For those wanting an affordable super telephoto zoom lens from the Nikon camp, options used to be limited. When third-party makers released cost-effective versions, Nikon stepped up their game with the mouthful of a name, the Nikon AF-S NIKKOR 200-500mm f/5.6E ED VR. Strapped onto a cropped sensor body, the focal length comes out at an impressive 300-750mm.
Add in features like image stabilization and updated optics and this lens could be a great option for going long without costing a fortune. Thus, let’s dig in and see what this lens has to offer.
Firstly, the Nikon AF-S NIKKOR 200-500mm f/5.6E ED VR has a constant aperture which makes it a step ahead of third-party alternatives which generally have variable apertures. This makes the lens faster and more suitable fur use with teleconverters. As for specific features, the lens has been designed with the wildlife, action, and event photographer in mind, at a reasonable price point.
The lens works equally well on FX and DX formats, with a constant f/5.6 aperture for smooth, blurred backgrounds. Focal length is just as important for quality bokeh, which means that longer lengths and constant aperture produce the best results. Vibration Reduction in sport mode aims to give 4.5 stops which is a much-needed item on long telephoto lenses.
The general aperture range on this lens goes from f/5.6-f/32 and houses 19 elements in 12 groups, three ED Glass Elements with two of them being extra-low dispersion lens elements, with a front Super Integrated Coating. Inside are nine rounded diaphragm blades, with all the focusing done internally by an AF-S (Silent Wave Motor). Upfront is a 95mm filter thread and everything weighs in at a chunky 2300g.

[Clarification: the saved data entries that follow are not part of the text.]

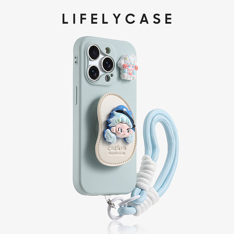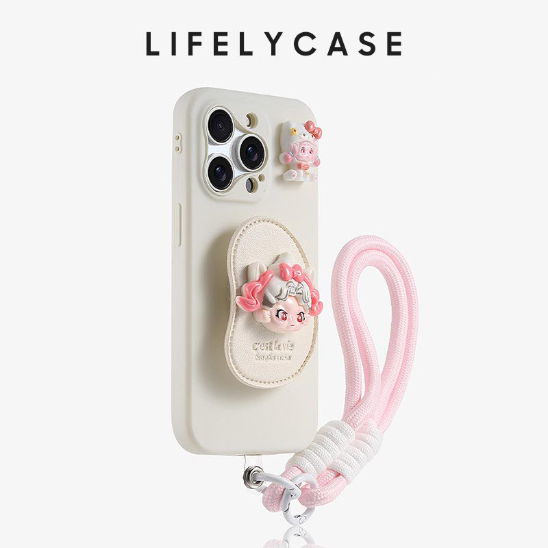 iPhone Lanyard Series | Cartoon Bracket Liquid Silicone Phone Case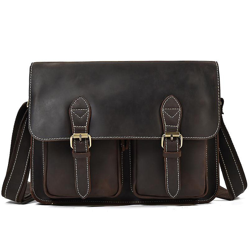 Euramerican Retro Briefcase Crazy Horse Skin Head Layer Cowhide Crossb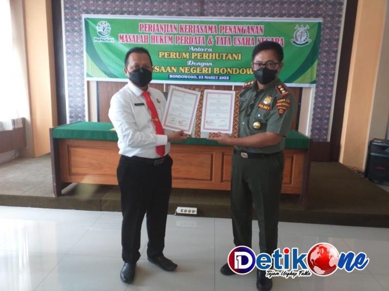 Bondowoso, detik1.com – Berdasarkan surat kuasa khusus (SKK) dari kepala Divisi Regiomal Jawa Timur Nomor 172/SKK/KUM/DIVRE JATIM/2021 tamggal 3 September 2021, terkait penyelesaian masalah hukum bidang Perdata dan Tata usaha negara di wilayah Kabupaten Bondowoso, hari ini Rabu (23/03/2022) Andi Adrian Hidayat Adminustratur Perum Perhutani KPH Bondowoso melaksanakan dan Menanda tangani Perjanjian Kerjasama dengan Kejaksaan Negeri Bondowoso yang dalam hal ini langsung di tanda tangani oleh Puji Triasmoro SH.MH. selaku kepala Kejaksaan Negeri Bondowoso.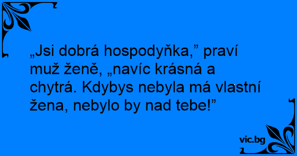 „Jsi dobrá hospodyňka,” praví muž ženě, „navíc krásná a chytrá. Kdybys nebyla má vlastní žena, nebylo by nаd tebe!”

Covering such a long focal length means the zoom ring moves with 180 degrees of rotation. Luckily, there is a switch for locking the focal length at 200 or 500mm.

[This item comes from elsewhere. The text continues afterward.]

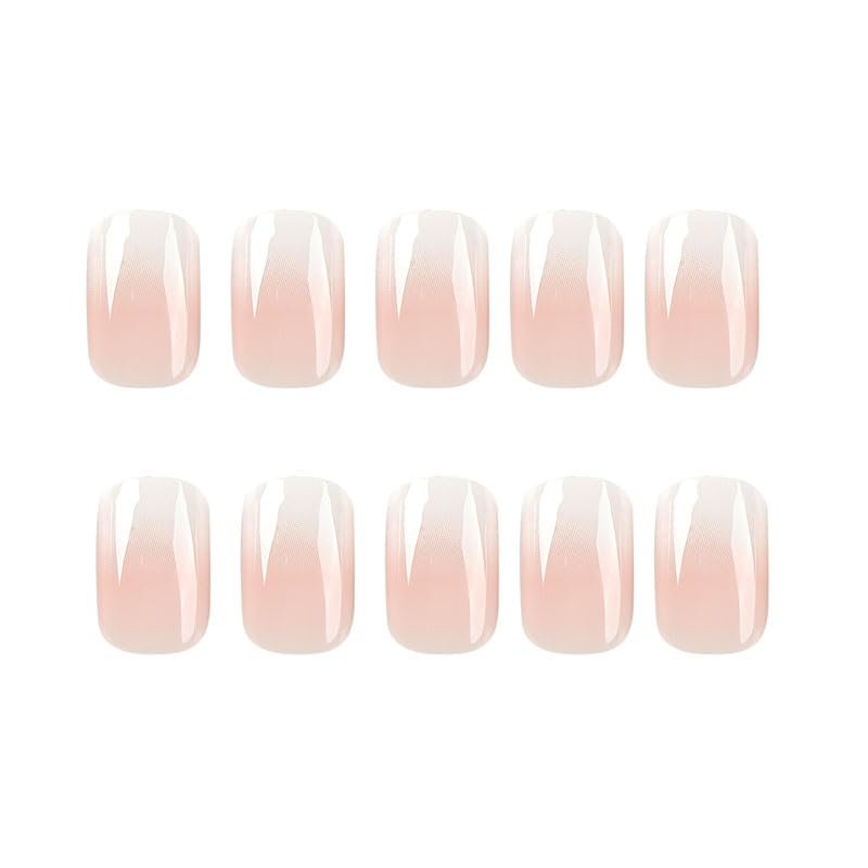 BAOYAALIN Pink White Gradient Press on Nails Short Square Ombre Fake Nails with Design Glue on Nails for Women Girls Acrylic False Nails Stick on Nails Press on Nail for Wedding 24Pcs

There are also four other switches on the side of the lens which include the auto and manual focusing switch, focus limiter with the options of full range or six meters to infinity, vibration reduction (VR) on and off, and the switch for two modes of vibration reduction – Normal and Sports.
The lens is not weather sealed, but it’s built sturdy enough and has a rubber gasket on the mount to stop the majority of nasties getting into the lens. Using the focus lock button helps when swapping lenses, so the lens doesn’t move and suck in any external dust.

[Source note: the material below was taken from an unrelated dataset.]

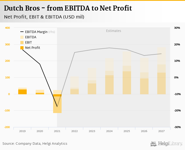 Dutch Bros made a net profit of USD -12.9 mil with revenues of USD 498 mil in 2021, down by 326% and up by 52.1%, respectively, compared to the previous year. This translates into a net margin of -2.59%.

Although this lens is very affordable considering its features and focal length range, it is built extremely well and solid enough to use in a variety of situations. As with any enthusiast lens, it’s an idea to try a few copies out to test consistency.
The Nikon AF-S NIKKOR 200-500mm f/5.6E ED VR in Use
When it comes to focusing speed, the Nikon AF-S NIKKOR 200-500mm f/5.6E ED VR is better at tracking large objects than small ones. Not that it’s a bad performer, just not as fast as the more expensive super telephoto primes lens. However, at 500mm when focus is locked, subjects pop out of the background nicely with a good deal of bokeh.
The lens copes relatively well in low light conditions, helped enormously by VR, but with a maximum aperture of f/5.6, it can only go so far. This means that if you’re continually shooting in low light, you will have to opt for a more expensive telephoto offering. Still, give this lens enough light and it will snap into focus fine.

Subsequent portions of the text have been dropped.